AdamO

Implements AdamO, an Adam-style optimizer that decouples isometry regularization from the gradient update, analogous to AdamW.

To preserve plasticity in continual learning, the authors promote dynamical isometry by keeping each layer's Jacobian singular values near one, enforced through a Gram-deviation penalty \(\mathcal{R}_{\mathrm{iso}}\).
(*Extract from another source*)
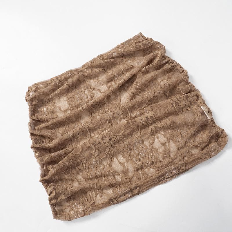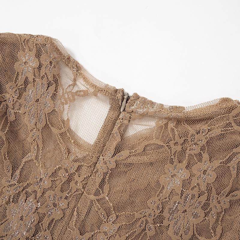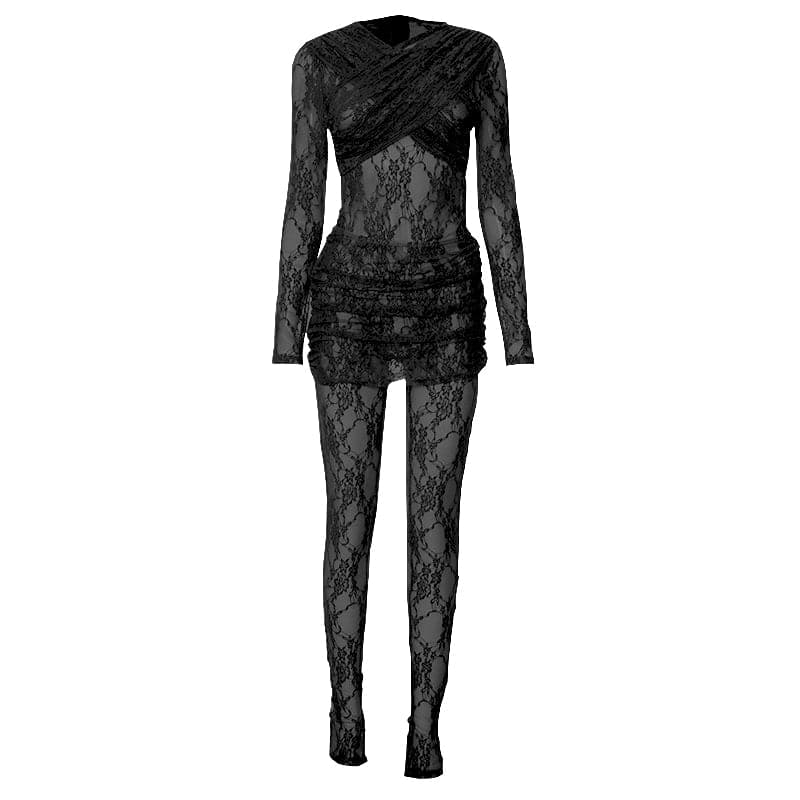 Long sleeve ruched lace zip-up see through 2 piece jumpsuit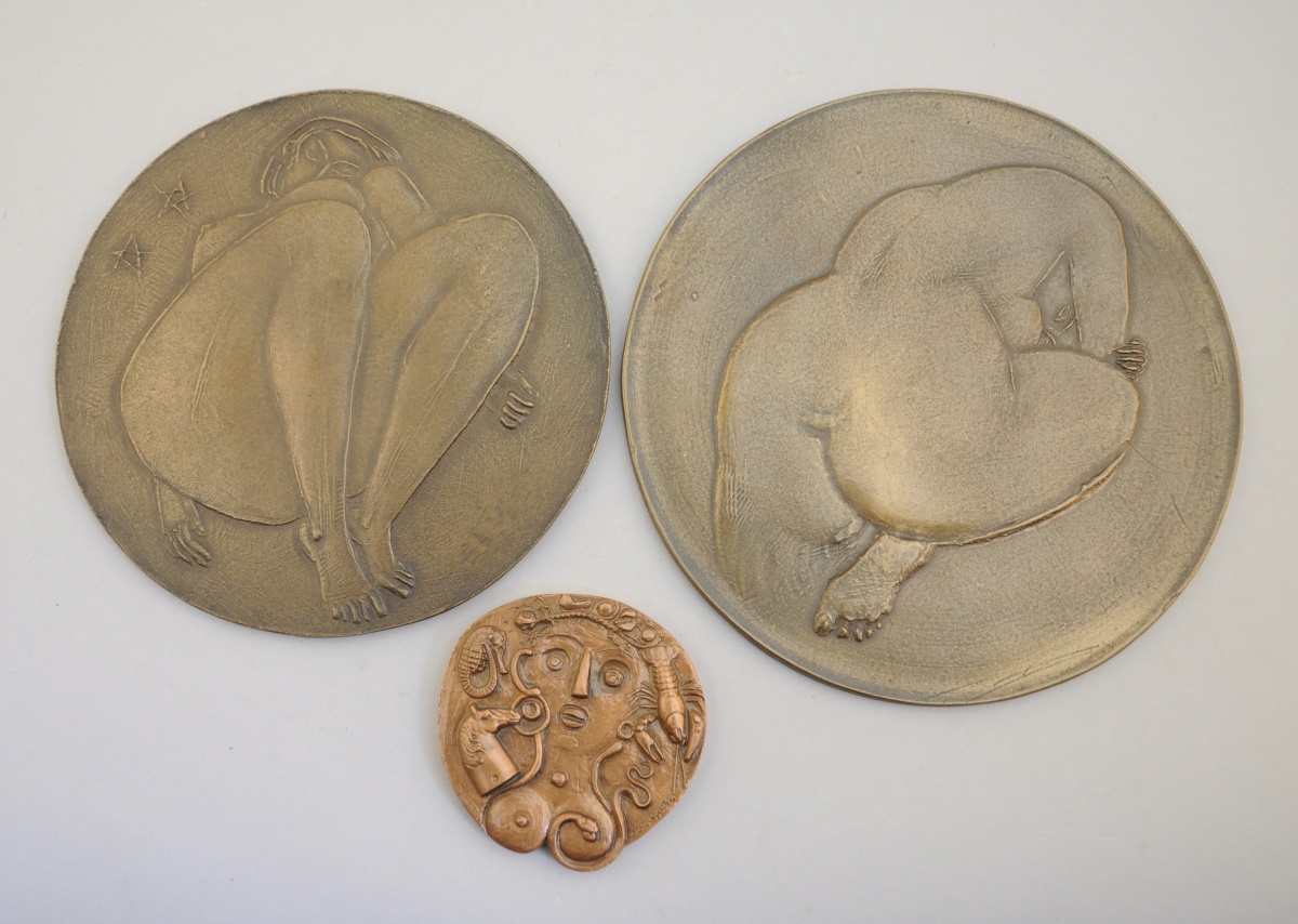 [MÉDAILLES ARTISTIQUES]. Collection de 3 médailles créatives à différents motifs: 2 grandes pièces représentant des femmes nues, par Volti, et Buste de femme aux animaux (signature non lisible).

Rather than folding this penalty into the loss (where its gradient would be rescaled by Adam's adaptive denominator), AdamO maintains the adaptive moments using only the task gradient \(g_t\), then applies the isometry step separately, mirroring decoupled weight decay.

\[ \begin{aligned} m_t &= \beta_1 m_{t-1} + (1 - \beta_1) g_t \\ v_t &= \beta_2 v_{t-1} + (1 - \beta_2) g_t \odot g_t \\ \hat{m}_t &= \frac{m_t}{1 - \beta_1^t}, \quad \hat{v}_t = \frac{v_t}{1 - \beta_2^t} \\ \theta_{t+1} &= \theta_t - \eta \frac{\hat{m}_t}{\sqrt{\hat{v}_t} + \epsilon} - \eta_{\mathrm{iso}} \, \lambda \, r_t \end{aligned} \]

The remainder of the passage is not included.